It seems you interpreted my question as asking the same as the two questions I linked. Indeed, using A(B>0.5) would be the simple answer, if i wanted the data values to be in a single vector ( ans = 2 4 5 7 8 10).
However, i want them to be in separate arrays based on consecutive (or, as you pointed out, also one single 1) ones in the trigger values.
Thank you for your code. I used "find" before, but have not thougtht of using it for determining the edge indices. I adapted your code so it does what i want:
function groups = f3(trig, data)
% approach with M Noe
S = trig - 0.5;
% first look for exact zeros
ind0 = find( S == 0 );
% then look for zero crossings between data points
S1 = S(1:end-1) .* S(2:end);
ind1 = find( S1 < 0 );
% bring exact zeros and "in-between" zeros together
ind = sort([ind0 ind1]);
for ii=1:length(ind)
DEN = (S(ind(ii)+1) - S(ind(ii)));
slope_sign(ii) = sign(DEN);
end
% extract the positive slope crossing points
ind_pos = ind1(slope_sign>0);
% extract the negative slope crossing points
ind_neg = ind1(slope_sign<0);
groups = {};
gr_ind = 1;
neg_offset = 0;
% if trigger signal starts high
if ind_neg(1) < ind_pos(1)
groups{1} = data(1:ind_neg(1));
gr_ind = 2;
neg_offset = 1;
end
% build groups body (excluding last trigger index)
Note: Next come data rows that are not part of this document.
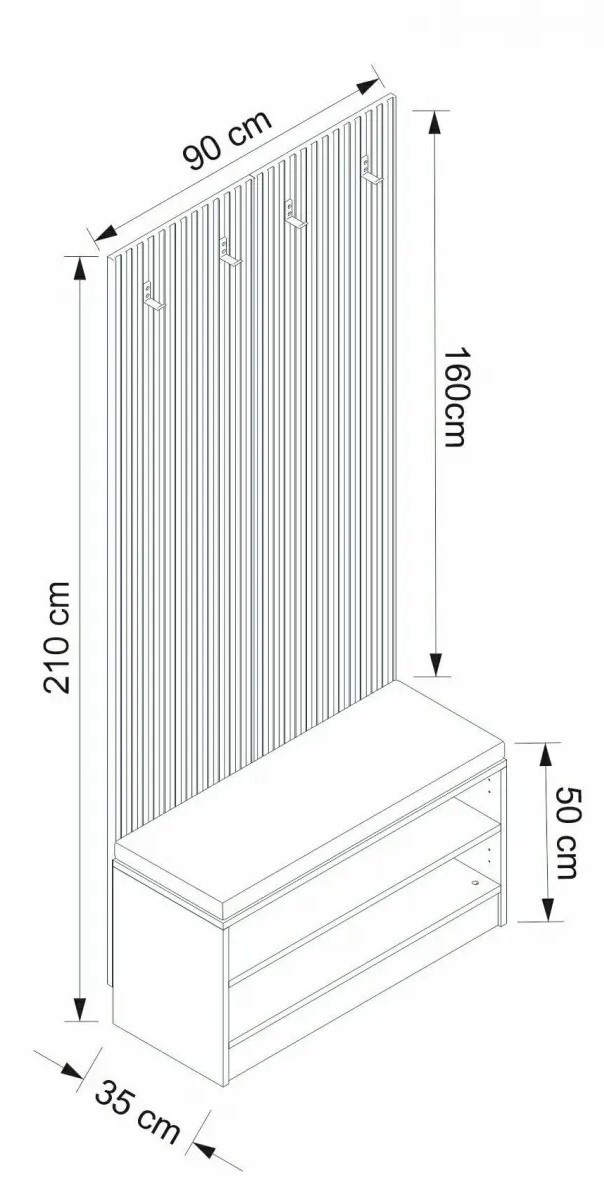 Благодаря продуманным размерам стойка предлагает достаточно места для хранения, помогая поддерживать порядок. Ширина 90 см, высота 210 см и глубина 35 см позволяют удобно разместить верхнюю одежду, аксессуары и другие необходимые предметы. Прихожая становится упорядоченной и приятной для входа.
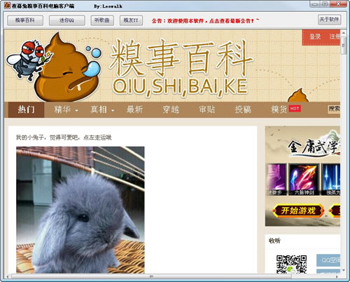 夜幕兔糗事百科电脑客户端 3.0 免费绿色版 夜幕兔糗事百科电脑客户端是一款提供网络上最新最全的糗人糗事,糗事百科客户端里包含大量糗事内容!有图片,有文字。并且提供糗友交流平台。并且提供糗友交流平台。附带迷你QQ,全面支持软件最小化托盘欢迎您下载使用。
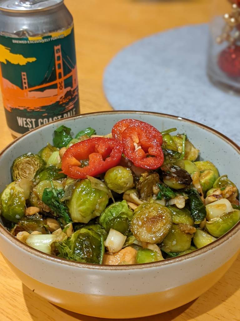 Whilst the sprouts are being cooked add all the ingredients for the kung pao sauce in a small saucepan and cook until thick. This should take 5 minutes.
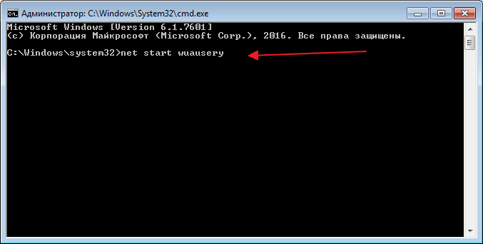 Запустимо вже знайому команду «cmd» і введемо команду «net start wuausery» і тиснемо «Enter».
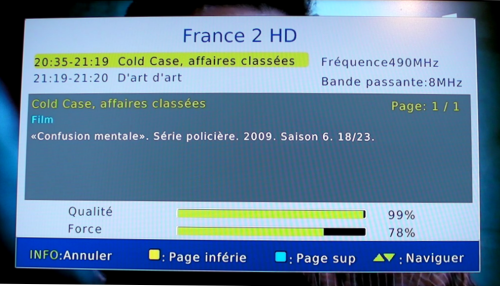 Un appuis sur la touche info de la télécommande fait apparaître le détail du programme en cours ainsi que la force/Qualité du signal numérique. Cela pourra aider pour un réglage fin de votre installation.
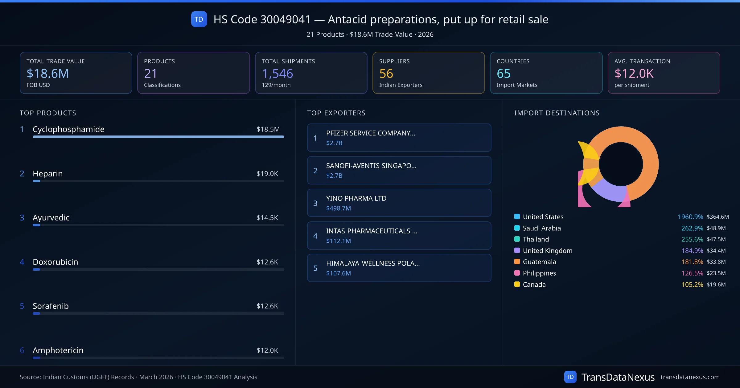 HS Code 30049041 (Antacid preparations, put up for retail sale) is one of India's most significant pharmaceutical export classifications under Chapter 30 of the Harmonized System. With a total trade value of $18.6M across 1,546 shipments, this code covers 21 distinct pharmaceutical products exported by 56 Indian manufacturers to 65 countries. The leading product under this classification is Cyclophosphamide at $18.5M, followed by Heparin and Ayurvedic.
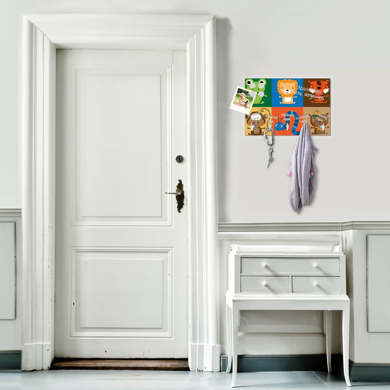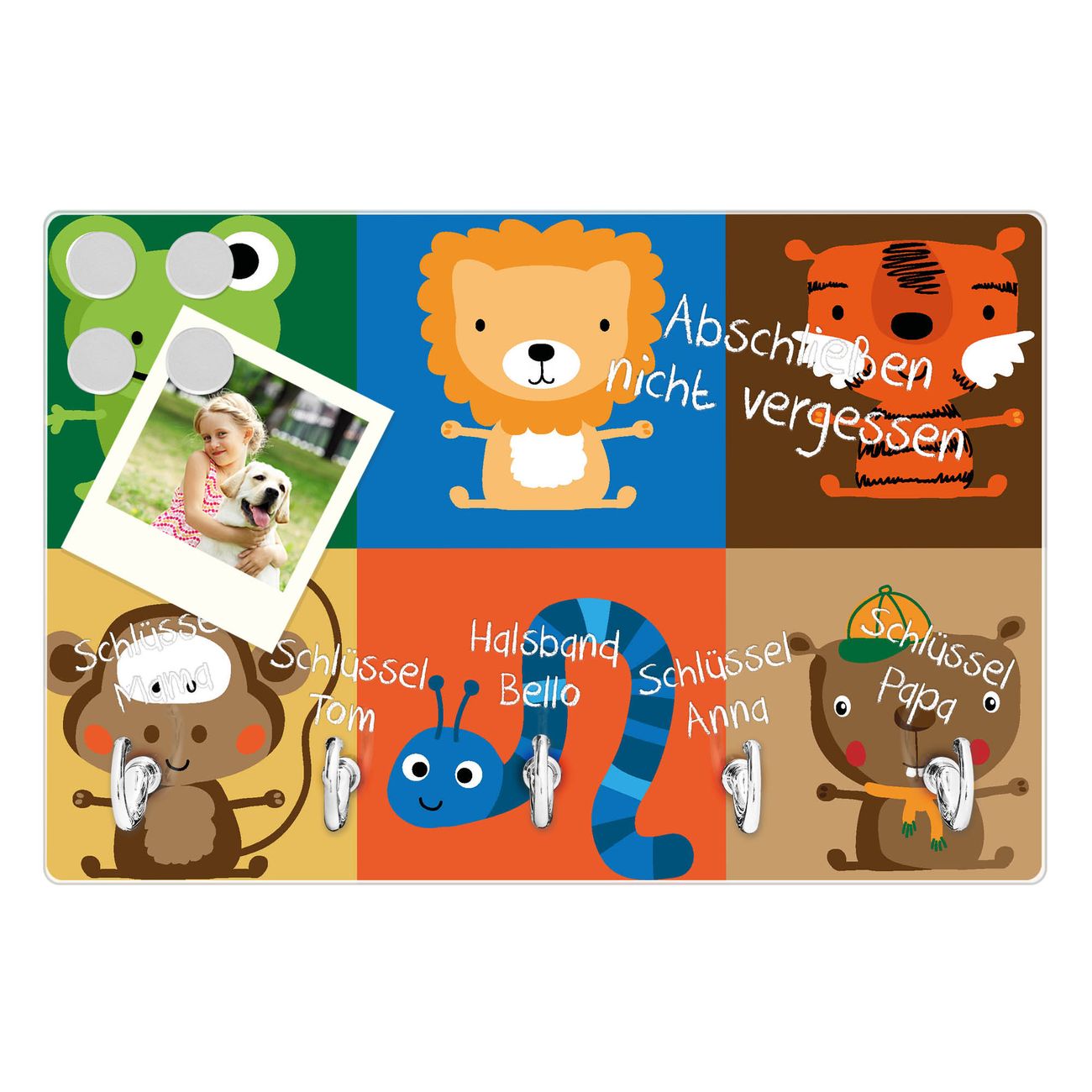 FUNKTION: Mit dem banjado Schlüsselbrett Offene Arme hat Ihre Suche nach dem Schlüsselbund endlich ein Ende! Auf gesamt 5 Haken finden auch die größten Schlüssel ihren Platz. Durch den farbenfrohen Motivdruck ist das Schlüsselboard ein Blickfang in jeder Wohnung. DESIGN: Die Schlüsselleiste mit Motiv Offene Arme hat ein sehr ansprechendes und ausgefallenes Design. Das Glasboard besteht aus einer gehärteten Glasscheibe mit dem Motiv Ihrer Wahl. Ihre neue Schlüsselaufbewahrung ist funktionell und ein optisches Highlight. DETAILS: Das Schlüsselbrett ist 30 x 20 x 4,5 CM (BxHxT). Das ganze Board besteht aus gehärtetem Sicherheitsglas, die Haken zur Selbstmontage präsentieren sich in Edelstahl-Optik. Für einen sicheren Halt erfolgt die Aufhängung an 2 vorgefertigten Haltern an der Rückseite. Das Montagematerial fügen wir bei. NUTZEN: Hier findet alles seinen Platz: Schlüsselbunde, Geschirrtücher, Hundeleinen oder Kinderjacken. Das Glas kann mit Kreidestiften bzw. Whiteboard-Marker beschrieben werden, mit extrastarken Neodym-Magneten können Sie auch Notizen anheften. BANJADO: Wir sind ein kleines Team aus dem Herzen von Sachsen und fertigen Ihre neue Schlüsselaufbewahrung von Hand an. Sie erhalten Handarbeit und keine preiswerte Importware. Wir hoffen, dass Ihnen unsere Idee zusagt, herzlichst das banjado Team.
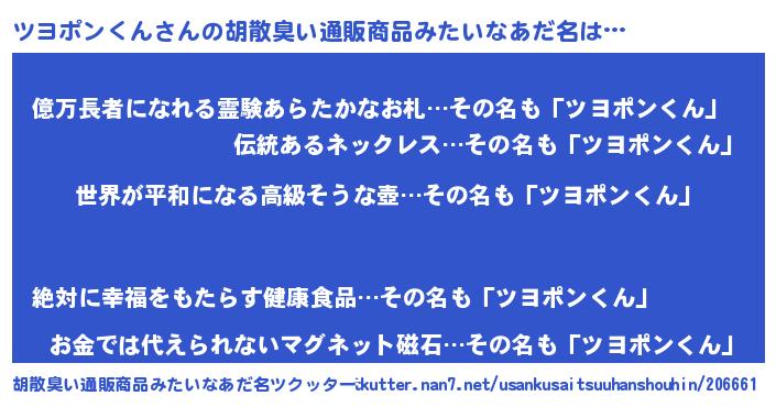 | 意味不明あだ名 | 『ツヨポンくんフォーエバー』 |
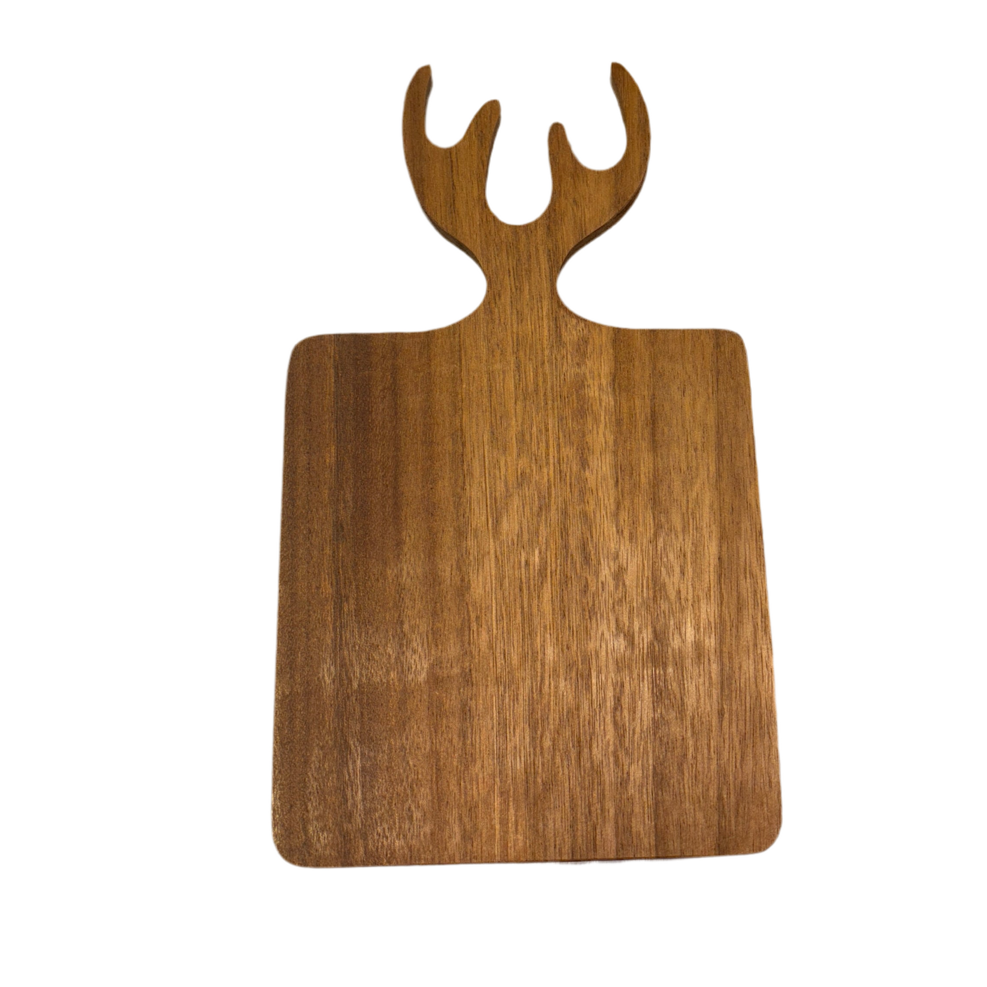 This eye-catching cutting board features a bold antler-shaped handle and a smooth, richly toned wood surface — ideal for rustic kitchens, cabin decor, or one-of-a-kind gift giving.
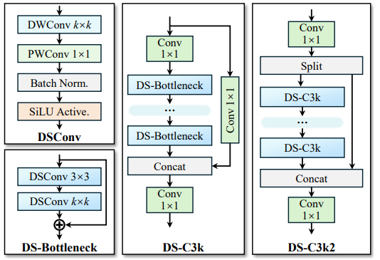 采用了大量深度可分离卷积(DSConv),大幅减少模型参数和计算量,特别适合边缘设备部署。

for i = 1:length(ind_pos)-1
groups{gr_ind,1} = data(ind_pos(i)+1:ind_neg(i+neg_offset));
gr_ind = gr_ind+1;
end
% if trigger signal ends high
if ind_neg(end) < ind_pos(end)
groups{end+1} = data(ind_pos(end)+1:end);
else
groups{end+1} = data(ind_pos(end)+1:ind_neg(end));
end
end
And see, it actually does perform better, than my solution with the for-loop. So, even if you seem to have misunderstood my intention, you have contributed a solution with a better performance :D Thanks!
benchmark output:
250642
f1 took 4.63893s
250643
f2 took 0.960263s
250643
f3 took 0.510538s
Mathieu NOE il 23 Feb 2021
Glad it helped !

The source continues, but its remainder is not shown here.